【Psicología de las patatas de cebolla 🥬】
Me estoy cagando de risa con lo que hago 😂😂. He vendido más de 170 mil unidades del token $AKE (valor actual 1700 U). Antes, Alpha recibió muchas, así que directamente vendió 68 U 😂.
Porque los blind boxes de Alpha, básicamente, los reclaman y los sueltan enseguida; no hay nadie que proteja el precio, todo es a ver quién corre más rápido. Después de que terminó la carrera y siguió cayendo, pensé: “¡corriendo rápido era la clave!”, y vendí 28 U 🤣. ¿Quién iba a imaginar que <t-2/> justo en menos de una semana se iba a activar? 😮💨.
Después de la primera activación, persiguiéndome compré caro. Luego volví a comprar 30 U.
Compré y entonces cayó. Me quedé atrapado, y esperé a que volviera a subir. Cuando por fin rebotó, me apuré a vender pensando que ya con una ganancia de más de 10 U era suficiente. Vendí la noche anterior a la activación.
Así que, para “comer” una subida a gusto, básicamente solo hay que lograr dos extremos.
El primer extremo: eres un trader de élite. Vendes en el máximo extremo, compras de nuevo en el mínimo extremo, y esperas a que la activación le dé vuelta decenas de veces… — básicamente no hay gente así; o son 🐶 grandes ballenas o son dioses.
El segundo extremo: el rey de la estrategia. Todo el airdrop que te toque, es “estrategia”: el 90% de los tokens se ponen a cero, y cuando se active el premio del 10% de los airdrops, vas vendiendo por tandas. Quien puede mirar cómo la mayoría de los airdrops se va a cero y aun así mantener la estrategia… o no le falta dinero, o ya superó el hábito de jugar y las drogas y el alcohol, también son dioses 👀
Entonces, ¿cuál de las dos eres tú?
Yo soy de los que tienen “un medio vaso” 🤣. A veces, cuando me entra envidia de cómo despega la estrategia, me pongo a “estrategiar”; pero tan pronto como hago estrategia, me quedo en cero. Cuando se pone en cero, me asusto: cuando me llega el airdrop, corro enseguida.

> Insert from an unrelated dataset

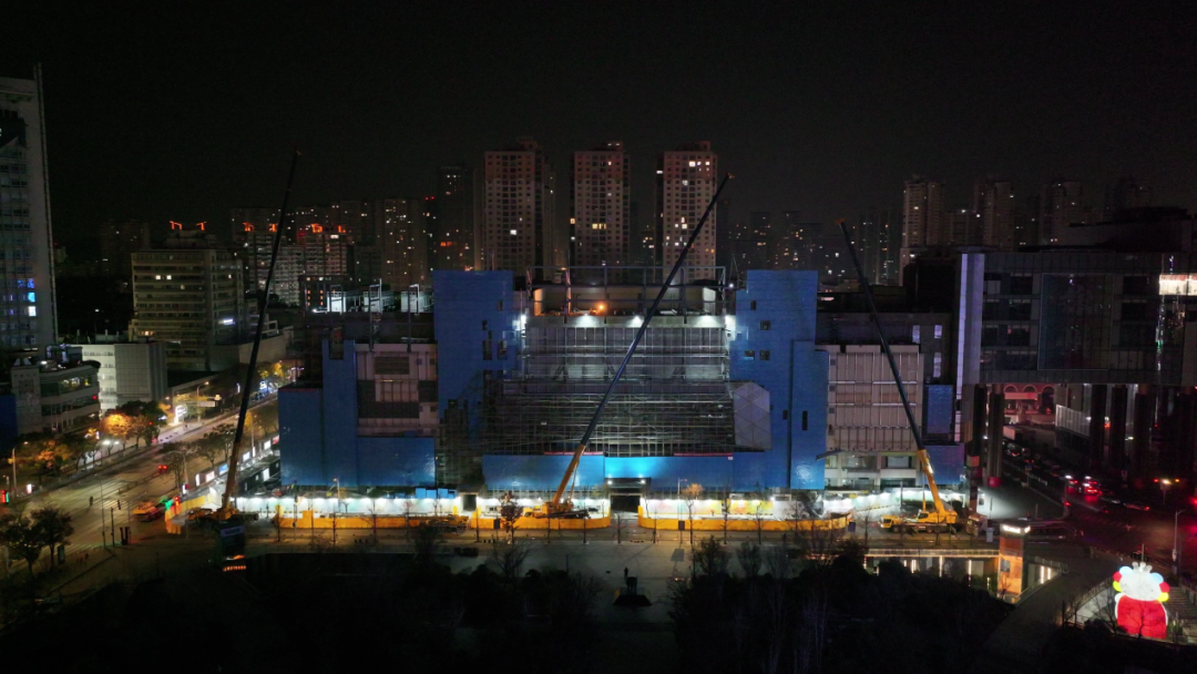 在徐州市中心,金鷹國際購物中心A座正在進行樓體改造,不僅加蓋一整層,更在設(shè)計上延續(xù)了B座外立面的風格,這座地標性建筑即將煥然一新。

Pienso en asegurar ganancias. Y entonces el airdrop despega, y se multiplicó por un montón 🤣🤣. Estrategia hasta cero… y en cuanto vendo, ¡se va volando!
Me estoy cagando de risa con lo que hago 😂😂. He vendido más de 170 mil unidades del token $AKE (valor actual 1700 U). Antes, Alpha recibió muchas, así que directamente vendió 68 U 😂.
Porque los blind boxes de Alpha, básicamente, los reclaman y los sueltan enseguida; no hay nadie que proteja el precio, todo es a ver quién corre más rápido. Después de que terminó la carrera y siguió cayendo, pensé: “¡corriendo rápido era la clave!”, y vendí 28 U 🤣. ¿Quién iba a imaginar que <t-2/> justo en menos de una semana se iba a activar? 😮💨.
Después de la primera activación, persiguiéndome compré caro. Luego volví a comprar 30 U.
Compré y entonces cayó. Me quedé atrapado, y esperé a que volviera a subir. Cuando por fin rebotó, me apuré a vender pensando que ya con una ganancia de más de 10 U era suficiente. Vendí la noche anterior a la activación.
Así que, para “comer” una subida a gusto, básicamente solo hay que lograr dos extremos.
El primer extremo: eres un trader de élite. Vendes en el máximo extremo, compras de nuevo en el mínimo extremo, y esperas a que la activación le dé vuelta decenas de veces… — básicamente no hay gente así; o son 🐶 grandes ballenas o son dioses.
El segundo extremo: el rey de la estrategia. Todo el airdrop que te toque, es “estrategia”: el 90% de los tokens se ponen a cero, y cuando se active el premio del 10% de los airdrops, vas vendiendo por tandas. Quien puede mirar cómo la mayoría de los airdrops se va a cero y aun así mantener la estrategia… o no le falta dinero, o ya superó el hábito de jugar y las drogas y el alcohol, también son dioses 👀
Entonces, ¿cuál de las dos eres tú?
Yo soy de los que tienen “un medio vaso” 🤣. A veces, cuando me entra envidia de cómo despega la estrategia, me pongo a “estrategiar”; pero tan pronto como hago estrategia, me quedo en cero. Cuando se pone en cero, me asusto: cuando me llega el airdrop, corro enseguida. Pienso en asegurar ganancias. Y entonces el airdrop despega, y se multiplicó por un montón 🤣🤣. Estrategia hasta cero… y en cuanto vendo, ¡se va volando!